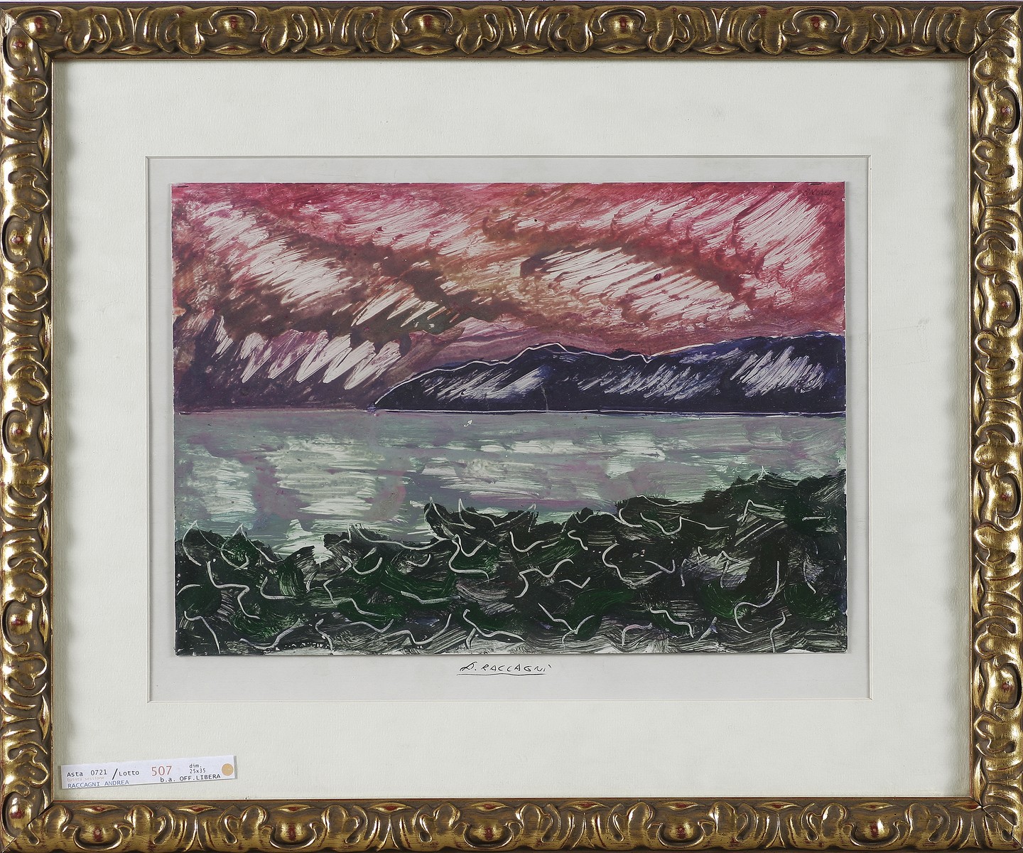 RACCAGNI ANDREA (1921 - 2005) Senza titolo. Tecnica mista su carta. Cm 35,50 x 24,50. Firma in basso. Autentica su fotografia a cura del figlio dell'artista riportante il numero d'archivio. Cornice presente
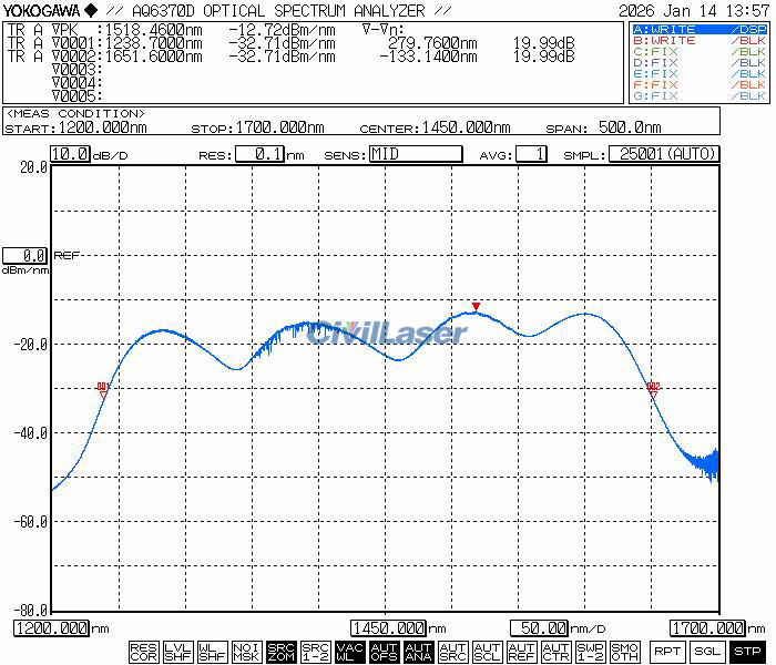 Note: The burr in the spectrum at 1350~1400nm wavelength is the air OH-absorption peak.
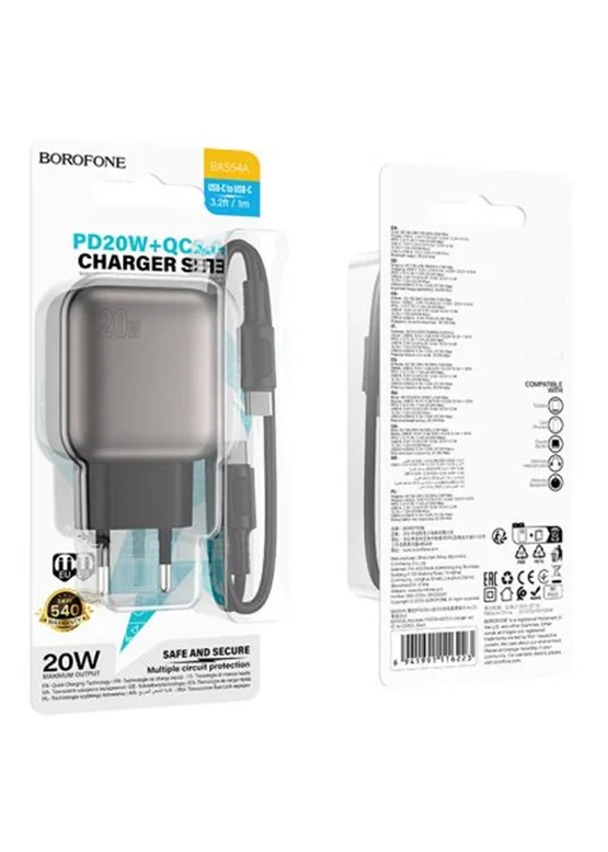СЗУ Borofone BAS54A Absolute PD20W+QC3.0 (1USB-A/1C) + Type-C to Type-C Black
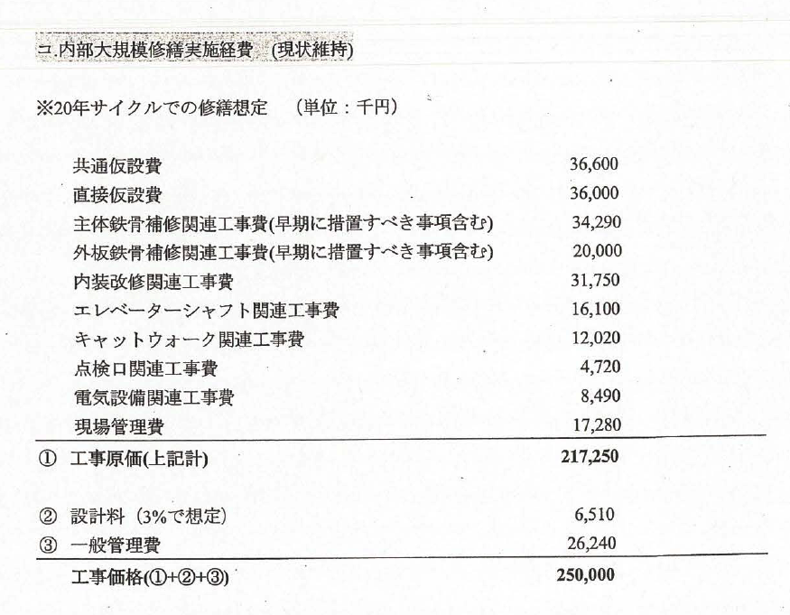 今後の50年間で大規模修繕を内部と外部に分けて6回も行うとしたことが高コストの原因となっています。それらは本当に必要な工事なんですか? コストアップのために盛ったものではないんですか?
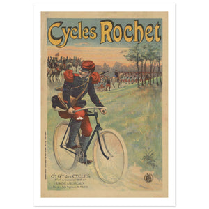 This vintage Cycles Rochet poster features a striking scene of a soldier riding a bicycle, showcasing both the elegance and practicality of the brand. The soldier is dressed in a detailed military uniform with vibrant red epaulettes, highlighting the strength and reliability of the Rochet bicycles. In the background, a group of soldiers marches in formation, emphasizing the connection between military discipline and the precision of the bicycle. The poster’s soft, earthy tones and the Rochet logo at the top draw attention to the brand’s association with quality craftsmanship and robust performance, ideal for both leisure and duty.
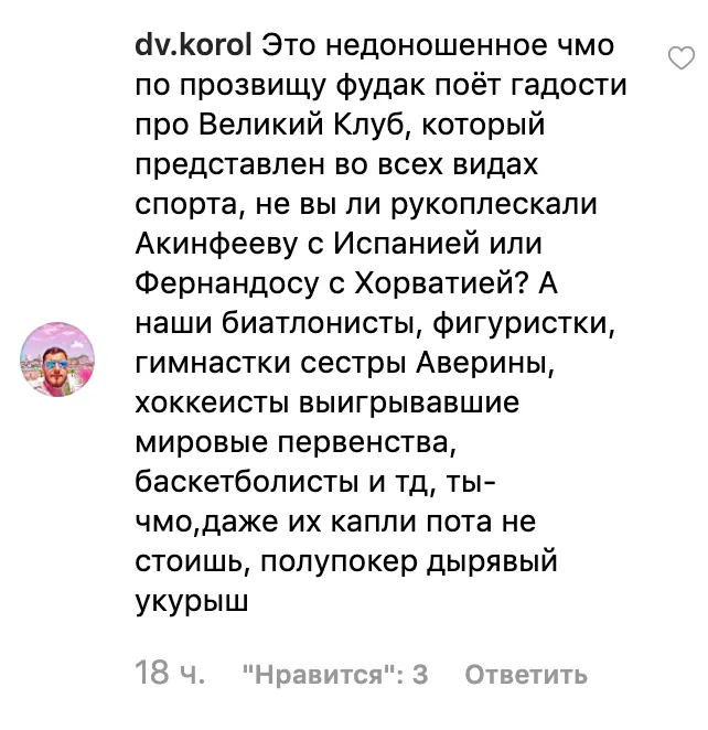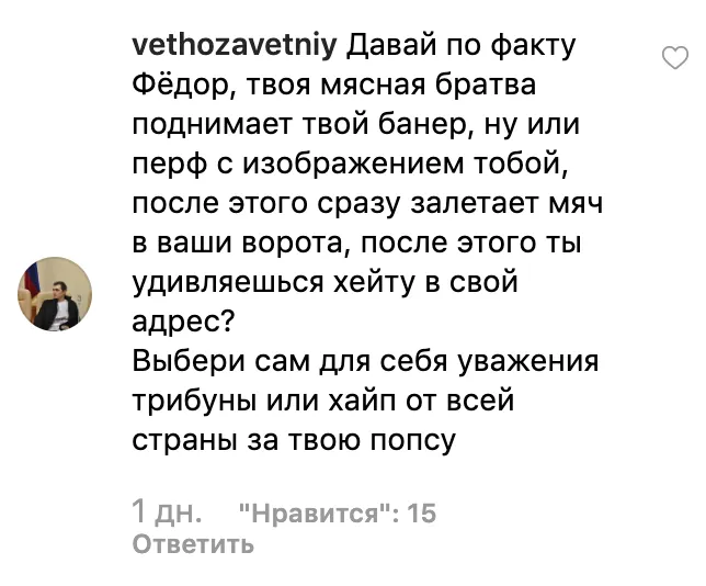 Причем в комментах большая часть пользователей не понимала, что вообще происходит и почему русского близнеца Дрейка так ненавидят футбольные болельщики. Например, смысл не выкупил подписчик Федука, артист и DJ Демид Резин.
---
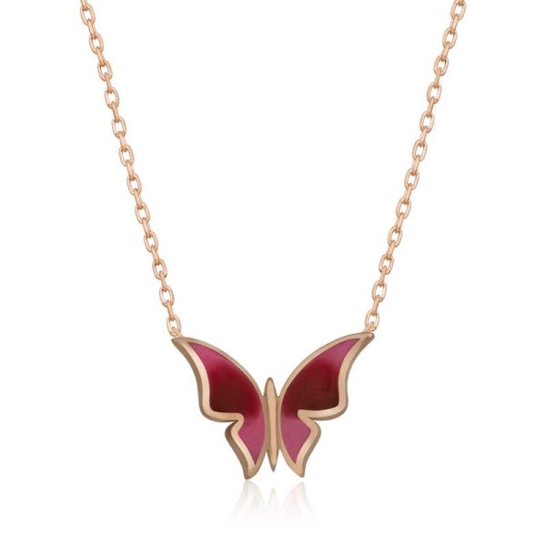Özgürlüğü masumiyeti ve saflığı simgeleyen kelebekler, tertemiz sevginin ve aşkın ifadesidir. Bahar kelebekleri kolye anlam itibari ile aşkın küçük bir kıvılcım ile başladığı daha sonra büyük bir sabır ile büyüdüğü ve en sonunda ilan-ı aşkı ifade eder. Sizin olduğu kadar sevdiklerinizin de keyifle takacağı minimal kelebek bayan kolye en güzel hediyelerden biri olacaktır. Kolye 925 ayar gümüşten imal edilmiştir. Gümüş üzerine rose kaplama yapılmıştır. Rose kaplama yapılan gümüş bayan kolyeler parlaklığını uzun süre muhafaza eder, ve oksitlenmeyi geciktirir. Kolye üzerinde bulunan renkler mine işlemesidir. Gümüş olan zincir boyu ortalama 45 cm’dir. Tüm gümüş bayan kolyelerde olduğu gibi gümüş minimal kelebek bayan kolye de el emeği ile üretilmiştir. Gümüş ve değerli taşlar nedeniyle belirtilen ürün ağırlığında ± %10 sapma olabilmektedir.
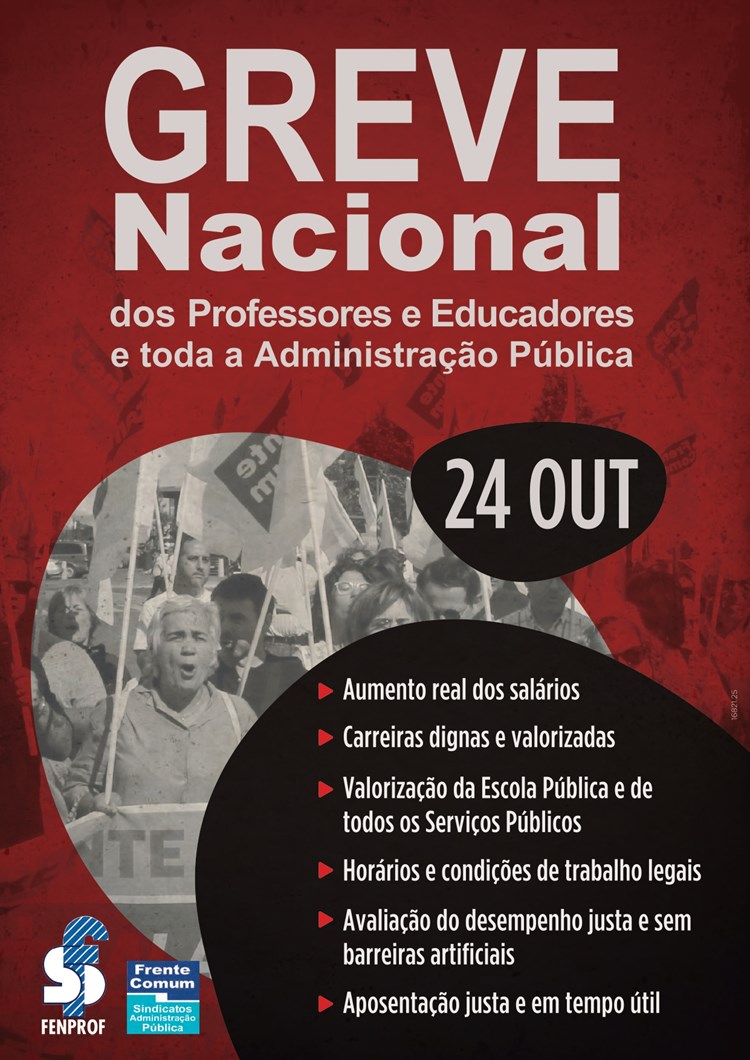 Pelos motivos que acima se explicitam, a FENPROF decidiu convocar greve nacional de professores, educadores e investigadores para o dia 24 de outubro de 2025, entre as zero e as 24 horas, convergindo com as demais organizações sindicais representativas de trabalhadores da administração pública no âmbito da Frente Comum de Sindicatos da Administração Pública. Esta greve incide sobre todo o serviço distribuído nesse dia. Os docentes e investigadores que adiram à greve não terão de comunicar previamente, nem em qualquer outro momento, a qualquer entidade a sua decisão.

### What to produce
Of the lines above, quote exactly those from the one with "RACCAGNI ANDREA (1921" through the one with "今後の50年間で大規模修繕を", ends included; pictures stay out.

### Worked solution
 RACCAGNI ANDREA (1921 - 2005) Senza titolo. Tecnica mista su carta. Cm 35,50 x 24,50. Firma in basso. Autentica su fotografia a cura del figlio dell'artista riportante il numero d'archivio. Cornice presente
 Note: The burr in the spectrum at 1350~1400nm wavelength is the air OH-absorption peak.
СЗУ Borofone BAS54A Absolute PD20W+QC3.0 (1USB-A/1C) + Type-C to Type-C Black
 今後の50年間で大規模修繕を内部と外部に分けて6回も行うとしたことが高コストの原因となっています。それらは本当に必要な工事なんですか? コストアップのために盛ったものではないんですか?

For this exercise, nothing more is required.